In our case, α ≈ β ≈ 1 and Eqs. (1)–(4) simplify into

$$\theta \left( \xi \right) = \frac{{\alpha \xi }}{{\left( {\alpha - 1} \right)\xi + 1}} \approx \xi{.}$$
$$\frac{{\rho \left( \xi \right)}}{{\rho _{{\mathrm{air}}}}} = \frac{\beta }{{(\beta - \xi )(\gamma \theta + 1)}} \approx \frac{1}{{(1 - \xi )(\gamma \xi + 1)}}{.}$$
$$\theta _{{\mathrm{min}}} \approx \xi _{{\mathrm{min}}} \approx \frac{{\gamma - 1}}{\gamma } = \frac{{T_0 - 2T_{{\mathrm{air}}}}}{{T_0 - T_{{\mathrm{air}}}}}{.}$$

As pointed out by ref. 13, θmin and ξmin primarily depend on T0 and Tair. Using T0 = 1100 K and Tair = 290 K, we get θmin ≈ ξmin ≈ 0.64. Below this value, a homogeneous mixture that cooled down by the sole effect of air entrainment would necessarily be positively buoyant.

In the volcanic case, stratification would be nonnegligible: the air density drop along the collapsing region can be as high as 40% and the temperature drop is about 10% (see Supplementary Fig. 1). In Fig. 2, we show the comparison between the theoretical relationships (1) and (2) (solid curves), and the simulated values of nondimensional temperature and density in each cell of the collapse region (points). The simulated dimensionless density is evaluated with Eq. (2), considering atmospheric temperature stratification Tair(z) for each cell in the collapsing region, while its theoretical value is obtained using the average air temperature between the crater and the collapsing height. The two end-member cases, with and without particle decoupling, are compared. In the equilibrium case (dusty-gas; Fig. 2a, c), the thermodynamics of the numerical solution almost perfectly follows the simplified theoretical model in every cell of the collapsing region. This result is twofold: on one hand, it shows that all the hypotheses used to obtain Eqs. (1) and (2) are locally valid; on the other hand, it confirms the ability of the numerical solver to accurately solve the enthalpy equation. In the case of particle decoupling (Fig. 2b, d), both temperature and density values deviate from Eqs. (1) and (2), although following the expected theoretical trend. Since in this case we cannot use Eqs. (1) and (2) to define θmin and ξmin, these parameters are evaluated by looking for the last point with negative buoyancy (Fig. 2b, d). Particle separation makes θmin and ξmin smaller than those predicted by Eqs. (3) and (4). Consequently, particle clustering and settling enhance Qc and the temperature drop. For the two end-members, we find Qc = 15% and Qc = 79% with particle decoupling, while Qc = 4% and Qc = 70% without.
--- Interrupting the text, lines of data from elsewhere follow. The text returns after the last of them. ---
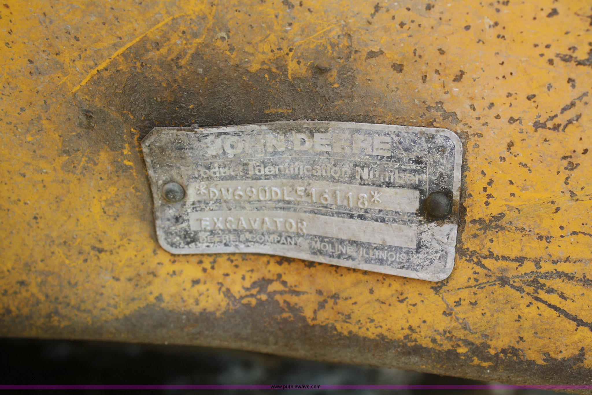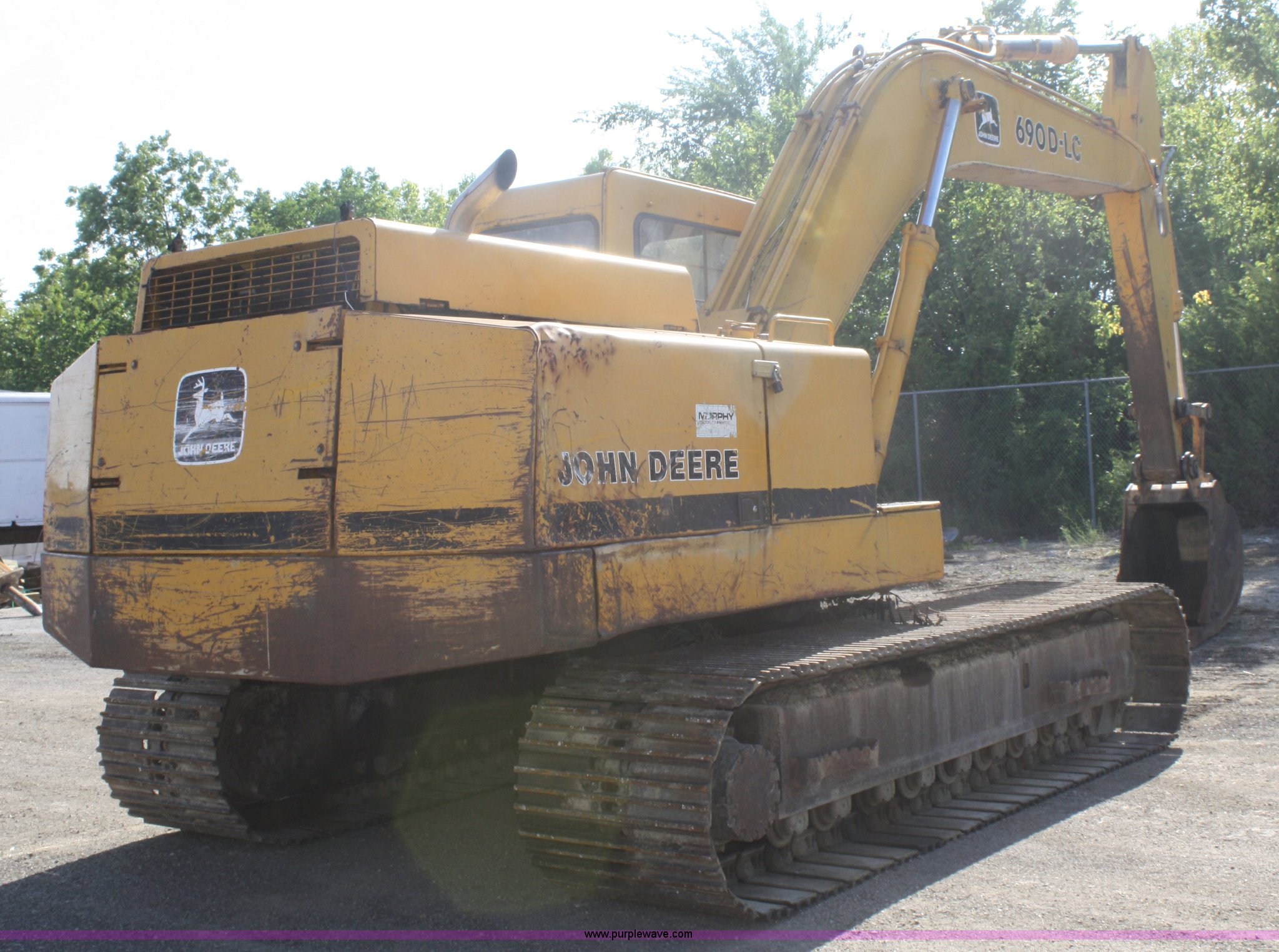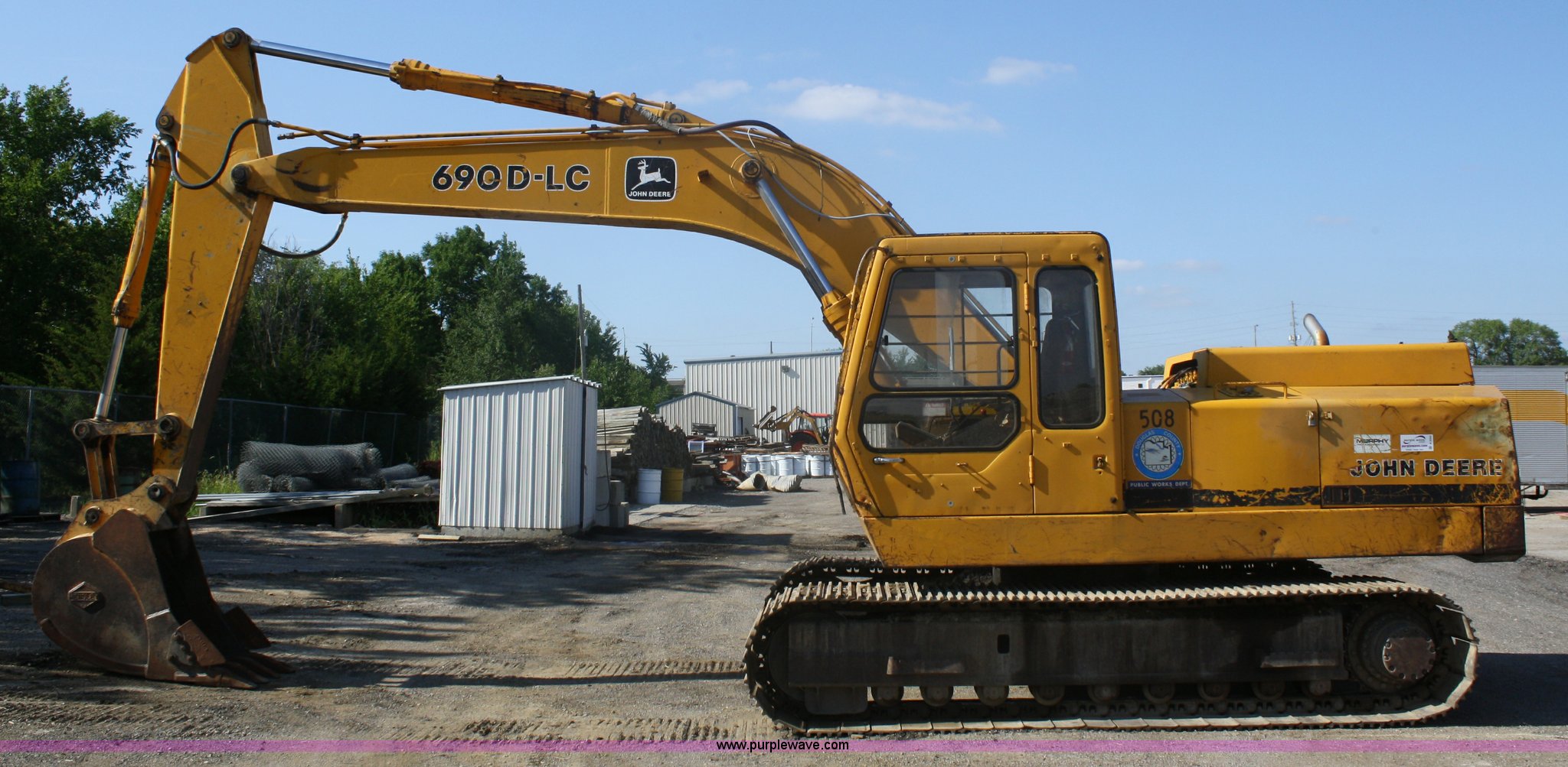 Purple Wave is selling a used Hydraulic Excavator in Kansas. This item is a 1987 John Deere 690D-LC excavator with the following: Hours unknown, John Deere six cylinder diesel engine, 125 HP, 32" bucket, 7'3" stick, 30"W tracks, 41,050 lbs. base operating weight, Starter solenoid needs replaced, Boom lift cylinder leaks, Serial 516118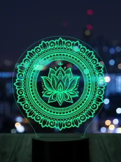 Ночник 3D Черный Пластик - Цветк лотоса Природа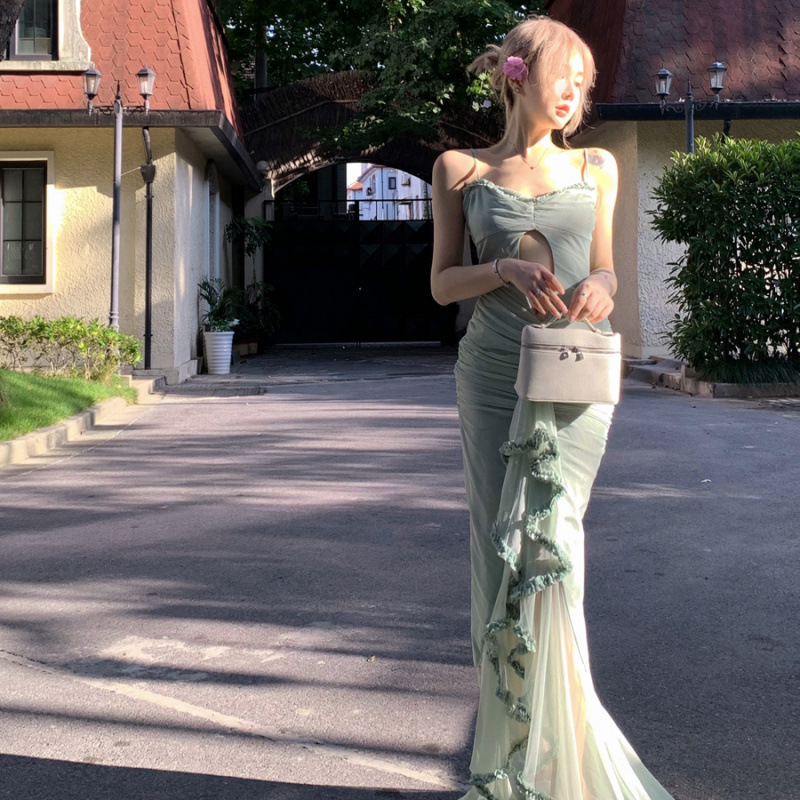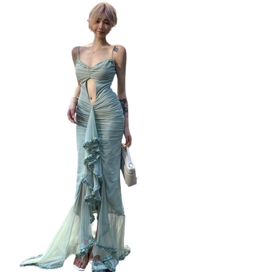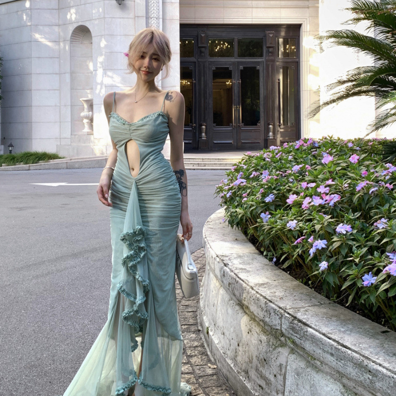只此青绿纯欲性感镂空露脐荷叶边开叉鱼尾连衣裙度假风拖尾长裙子
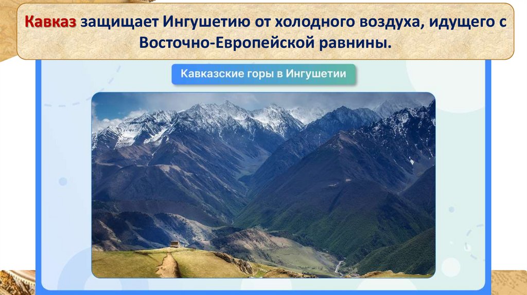 Кавказ защищает Ингушетию от холодного воздуха, идущего сВосточно-Европейской равнины.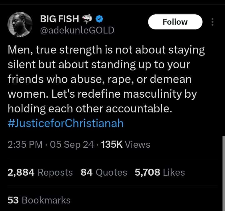 Following the death of this young lady, Adekunle Gold dropped a message to men on his X account. He wrote: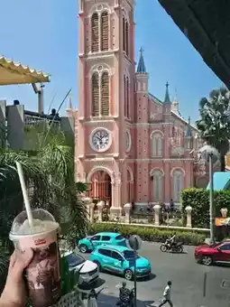 This is 'Cong Cafe' in front of the Pink Cathedral (Tan Dinh Son Dang), one of Ho Chi Minh's representative landmarks 🙂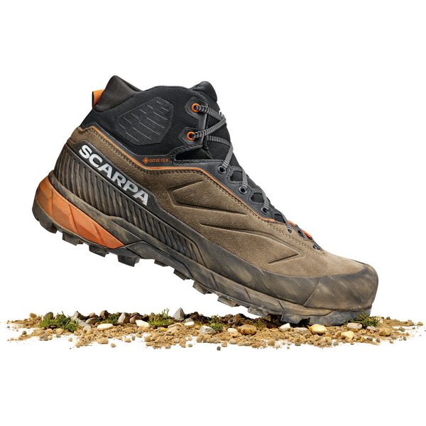 Podeszwa Vibram MegaGrip to kolejny element, który wyróżnia buty Rapid XT Mid GTX Scarpa. Wyposażona w strefę wspinaczki na palcach i system hamulcowy z tyłu, oferuje niezrównaną przyczepność oraz stabilność na zróżnicowanych nawierzchniach. Wkładka 3D TPU w obszarze środkowym dodatkowo wspiera stopę, zapewniając optymalną stabilność podczas pokonywania trawersów. Głębokie bieżniki o średnicy 3,5 mm gwarantują doskonałe trzymanie nawet na śliskiej powierzchni. Estetyka i praktyczność idą tu w parze. Logo umieszczone na boku i języku dodaje charakteru i świadczy o wysokiej jakości wykonania.

We quantify this effect in Supplementary Fig. 3, where a larger temperature drop is observed because of particle decoupling (up to 20% for the partial collapse end-member).

The distribution of the points along all the theoretical curves of Fig. 2 clearly indicates that the collapsing region is highly heterogeneous, both in terms of particle concentration and temperature. Thus, even if Eqs. (1) and (2) hold locally, they cannot be used to estimate the global temperature and buoyancy of the collapsing region. To estimate the average temperature Tc in the heterogeneous collapse region, we used instead a weighted average (described in the Methods section), based on the mass distribution in every cell. Its non-dimensional value is reported in Fig. 2 (red line) as θc. In the partial collapse case (Fig. 2a, b), θc is smaller than θmin, due to the heterogeneity and enhanced entrainment in the collapsing stream. In the fountaining regime (Fig. 2c, d) θc > θmin, clearly indicating the establishment of full collapsing conditions with a smaller entrainment efficiency.

Despite such complexities in the collapsing region, Tc (or θc) appears to be a good estimator for the average basal temperatures of PDCs in the two end-member simulations. As shown in Supplementary Fig. 4, for the partial collapse case, Tc = 790 K and the average PDC temperature TPDC = 809 K, while for the total collapse end-member Tc = 1090 K and TPDC = 1062 K. The good agreement between these estimates confirms the validity of our approach.

## Discussion

The behaviors described above for the two end-members have been observed in all simulated plume scenarios. Figure 3a shows the variations of Hun, Hjet, and Hc as a function of the calculated Qc, for the whole set of numerical simulations with kinematic decoupling (Supplementary Table 1). The displayed variations indicate that the dynamics and efficiency of air entrainment drive the collapse regime10,11,40. When the erosion of the jet structure by air entrainment is limited, ascending eruptive columns maintain their lateral flow characteristics, as revealed by Hun~Hjet, leading to a low Hc (<2 km) and high Qc (>50%). Lower Qc, on the contrary, are related to a more efficient mixing between the ejected mixture and the ambient air. In this case, the entrainment rapidly decelerates the upward velocity of the material within the annular mixing region, whereas the central unmixed region of the column continues to rise upward denser than the atmosphere until its upward velocity falls to zero (so that, HunHjet), leading to a higher Hc (<5 km). It follows that PDCs generated by low Hc are fed by sustained high mass fluxes and can extend over distances much larger than those generated by high Hc. A corollary of our results is that progressively higher column collapse heights do not generate faster PDCs with longer runouts, in contrast with some previous views41,42,43. Our data indicate, instead, that long runouts are a direct consequence of high Qc at low Hc (these results are consistent with refs. 44,45,46).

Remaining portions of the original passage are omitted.